Development and clinical validation of a prognostic algorithm for stroma-tumor ratio quantification in non-small cell lung cancer

Lung Cancer. 2025 Jun 1:205:108613. doi: 10.1016/j.lungcan.2025.108613. Online ahead of print.

Abstract

Background and aim: Lung cancer is the leading cause of cancer-related mortality worldwide, highlighting the importance of refining diagnostic modalities. This study's main focus is the development of a digital pathology, prognostic algorithm for fully automatized quantification of stroma-tumor ratio (STR) in patients with resectable non-small cell lung cancer (NSCLC).

Materials and methods: The developed STR algorithm is built upon a powerful multi-class tissue segmentation algorithm that generates precise maps of the full tumor region. One retrospective exploration cohort of NSCLC patients (n = 902) and three validation cohorts (n = 784) of patients with lung adenocarcinoma (LUAD) and squamous cell carcinoma (LUSC) were included to identify and validate optimal prognostic cut-offs and different risk stratification methods with regard to different clinical endpoints: overall survival (OS), cancer-specific survival (CSS) and progression-free survival (PFS).

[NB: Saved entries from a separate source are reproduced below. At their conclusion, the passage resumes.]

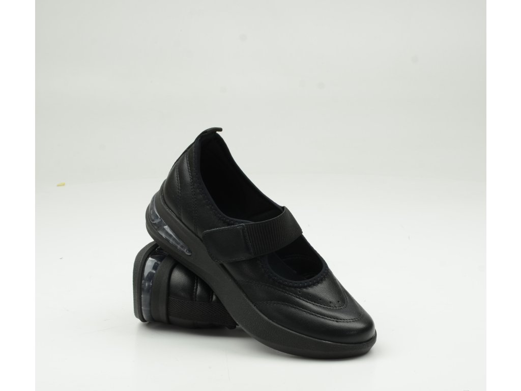 Model je vybaven praktickým páskem přes nárt, který zajišťuje stabilitu a jistotu při chůzi. Měkký svršek se dokonale přizpůsobí tvaru chodidla a poskytuje maximální komfort i při celodenním nošení. Lehká podešev s tlumicí funkcí navíc pomáhá snižovat nárazy při došlapu, což oceníte zejména při delším stání nebo chůzi.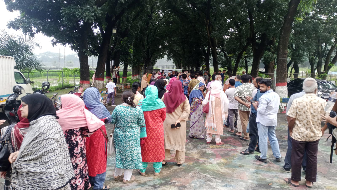 বীজ নিতে ভিড় জমান শিশু থেকে নানা বয়সী মানুষ। সবজি ও ফুলের বীজ পেয়ে তারা আয়োজকদের প্রতি কৃতজ্ঞতা জানান।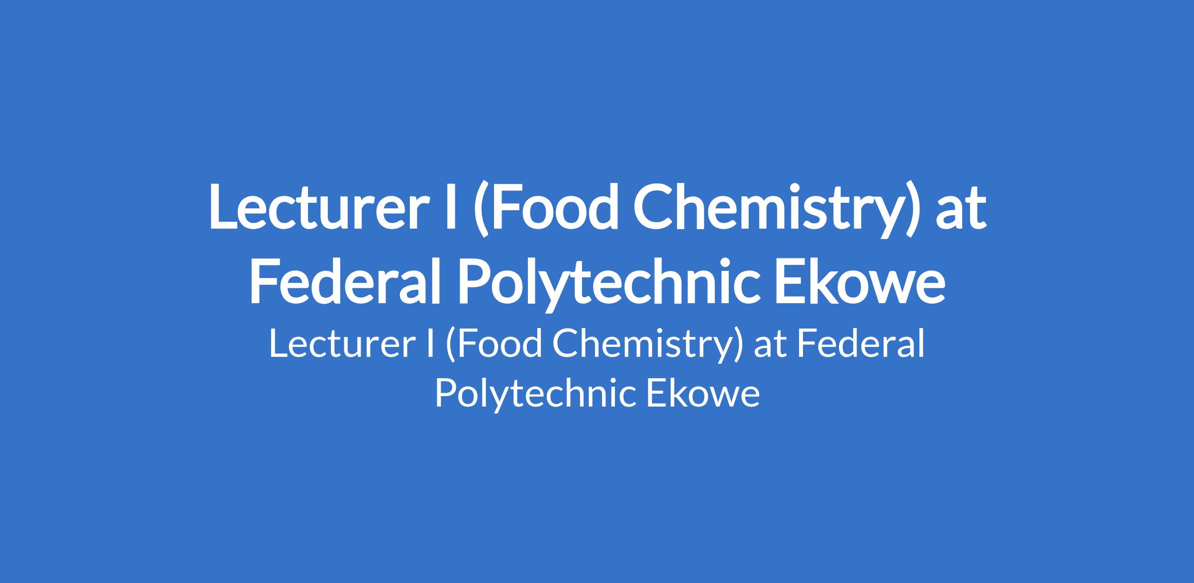 The Federal Polytechnic Ekowe invites applications from suitably qualified candidates for the position of: Lecturer I (Food Chemistry). The position is located in Bayelsa State. Interested candidates should possess a Mastar's Degree in relevant field from a recognized institution with at least six (6) years Or PhD. in relevant discipline with at least three (3) years teaching /research or industrial work experience; Must be registered with the relevant professional body.

Results: For LUAD, we show that the minimal STR value for the whole case is decisive for prognostic evaluation. Different approaches (single STR cut-off, multiple STR cut-offs, using STR as a continuous parameter) allow for robust stratification of patients into prognostic risk groups, independent of the classical clinicopathological variables and conventional histological grading. For LUSC, STR may assist in identifying a small subset of patients with unfavorable prognosis (based on the maximum STR for the whole case), however, its prognostic impact varies between cohorts.

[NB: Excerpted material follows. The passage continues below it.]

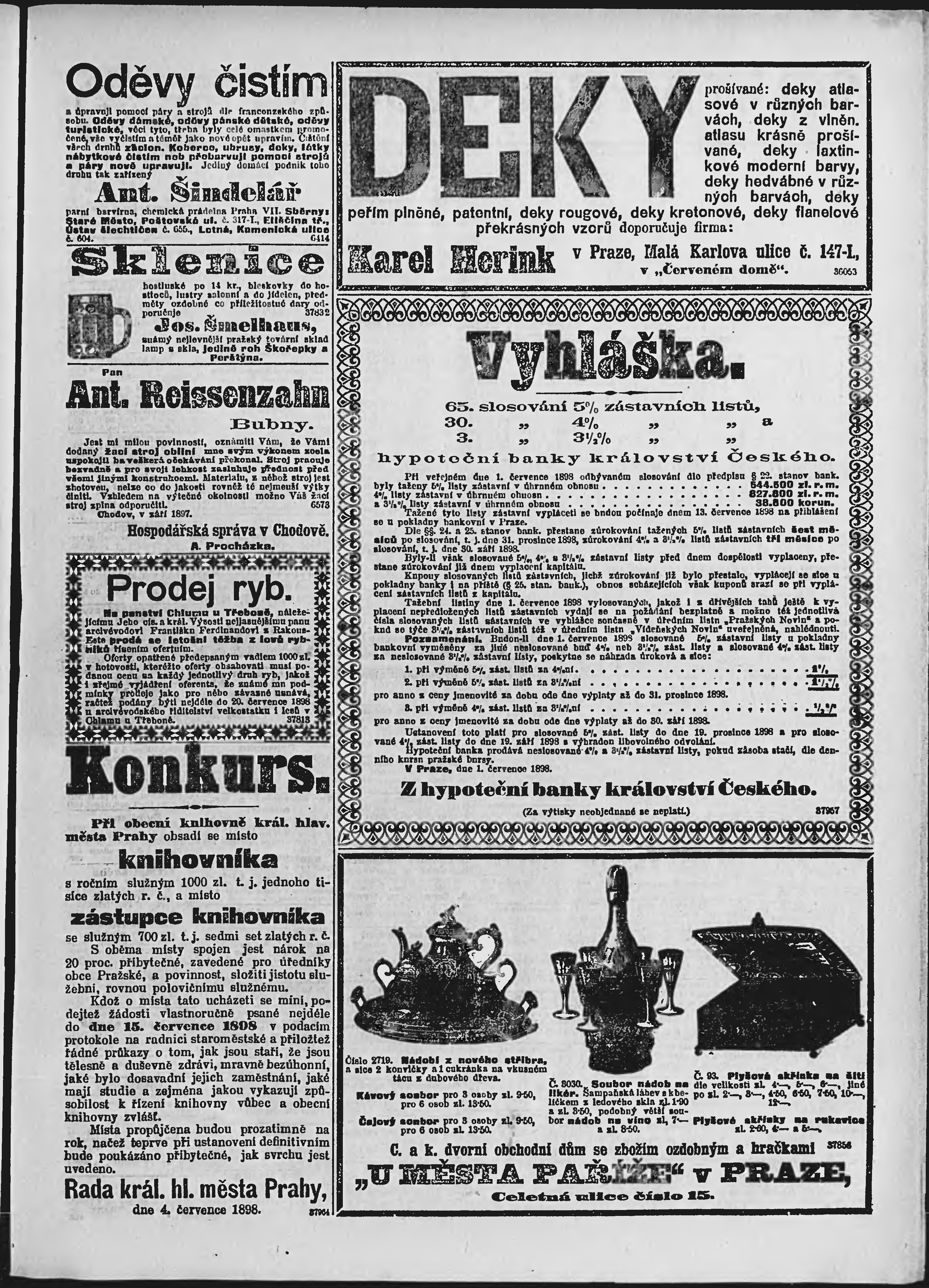 * Datum vydání výtisku: 7.7.1898 Číslo výtisku: 185 Poznámky k výtisku: ranní vydání;

Conclusion: STR quantification in LUAD NSCLC subtype shows a promising role as a prognostic biomarker. It can be easily implemented in routine diagnostics and could be considered as a component of advanced prognostic systems in LUAD. Our results in LUSC cohorts suggest that STR quantification in its current implementation is of limited value in this subtype.

Keywords: Digital pathology; Segmentation algorithm; Stroma-tumor ratio (STR); non-small cell lung cancer (NSCLC).